◆ EXERCISE DETAILS: Drop every picture and give the entries back exactly.

◆ MATERIAL SUPPLIED:
%%

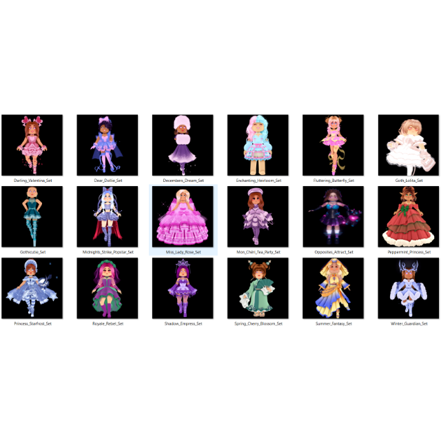 This listing includes all the permanent & seasonal sets in royale high or all the sets shown in the picture.
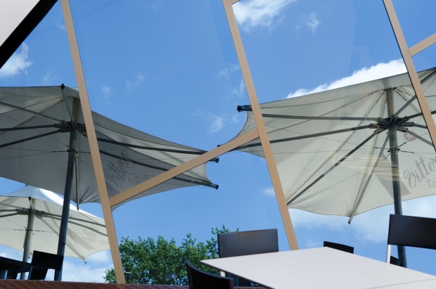 Taken at the Australian Museum, the image captures the reflection of the outdoor dining area in the windows. The disruption caused by the angular window frames adds to the effect.
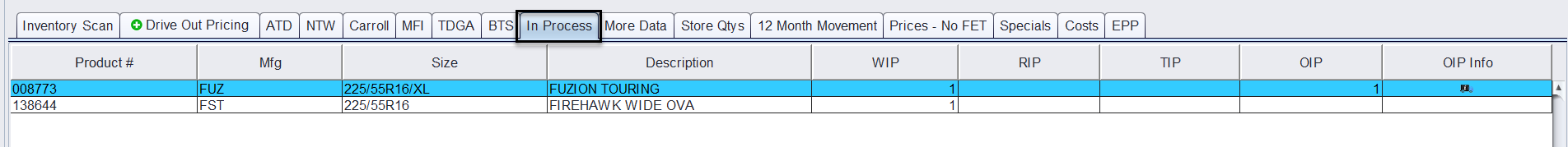 Tire Integration Inventory Tabs
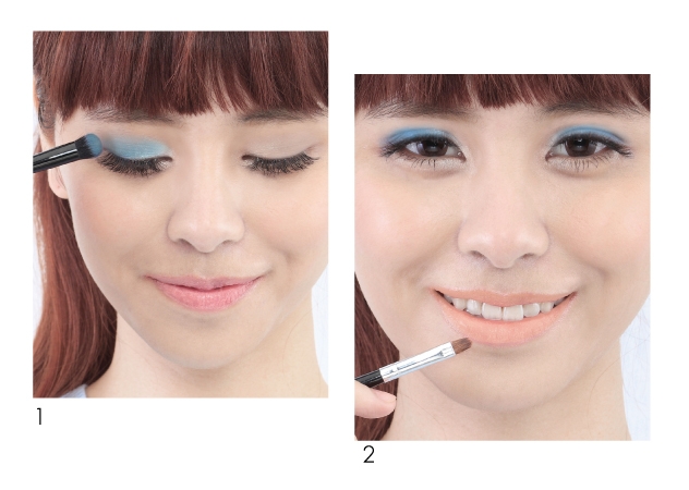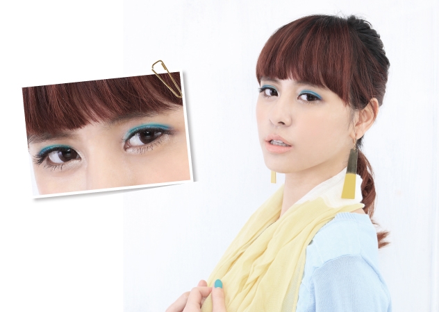 先以粉嫩的藍綠色眼影塗抹在上眼皮至眼窩打底,眼窩可疊少許大地色避免浮腫感,再於眼頭疊上白色打亮,最後在眼尾加一點深藍色製造深邃感,切記少量多次上色。
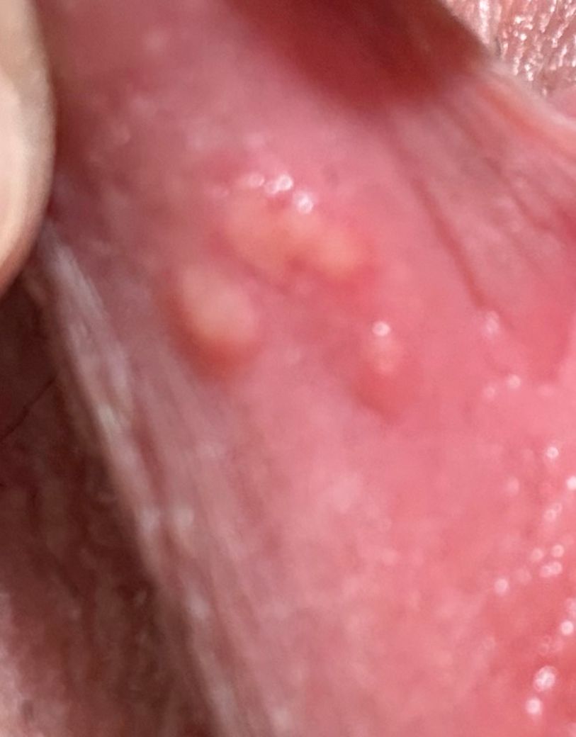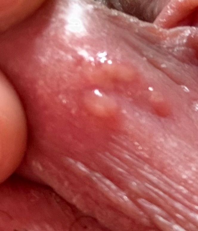 수포성 병변이라서 성기 헤르페스 가능성도 고려해서 확인을 해 봐야 될 것 같습니다. 산부인과에 가셔서 바로 진료를 받아보시지요.
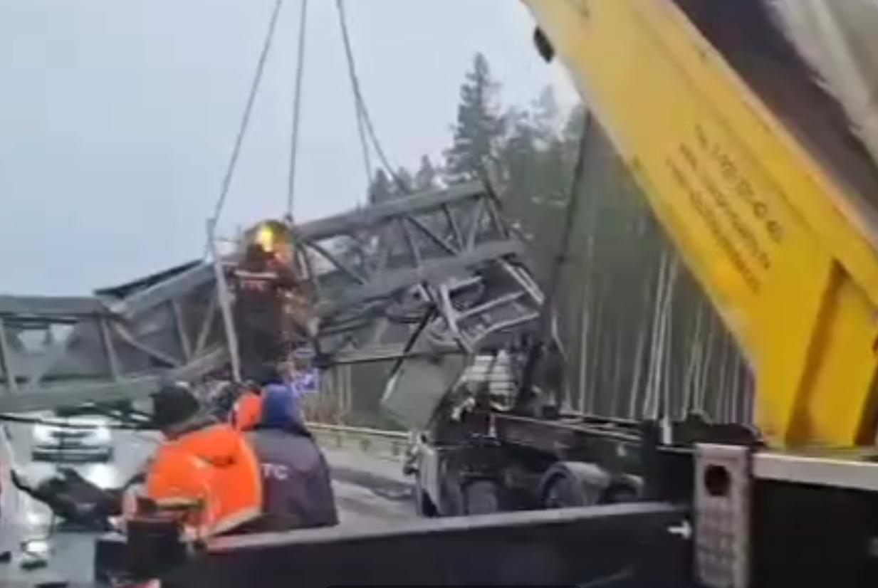 ДТП произошло утром 16 ноября. По предварительной информации, водитель большегруза забыл опустить кузов перед началом движения. Машина зацепила опору, на которой крепились дорожные знаки. Огромная металлическая конструкция рухнула прямо на проезжую часть, заблокировав обе полосы движения. К счастью, в этот момент на участке не было других автомобилей, поэтому обошлось без пострадавших.

%%

◆ WRITTEN RESPONSE:
 This listing includes all the permanent & seasonal sets in royale high or all the sets shown in the picture.
 Taken at the Australian Museum, the image captures the reflection of the outdoor dining area in the windows. The disruption caused by the angular window frames adds to the effect.
 Tire Integration Inventory Tabs
 先以粉嫩的藍綠色眼影塗抹在上眼皮至眼窩打底,眼窩可疊少許大地色避免浮腫感,再於眼頭疊上白色打亮,最後在眼尾加一點深藍色製造深邃感,切記少量多次上色。
 수포성 병변이라서 성기 헤르페스 가능성도 고려해서 확인을 해 봐야 될 것 같습니다. 산부인과에 가셔서 바로 진료를 받아보시지요.
 ДТП произошло утром 16 ноября. По предварительной информации, водитель большегруза забыл опустить кузов перед началом движения. Машина зацепила опору, на которой крепились дорожные знаки. Огромная металлическая конструкция рухнула прямо на проезжую часть, заблокировав обе полосы движения. К счастью, в этот момент на участке не было других автомобилей, поэтому обошлось без пострадавших.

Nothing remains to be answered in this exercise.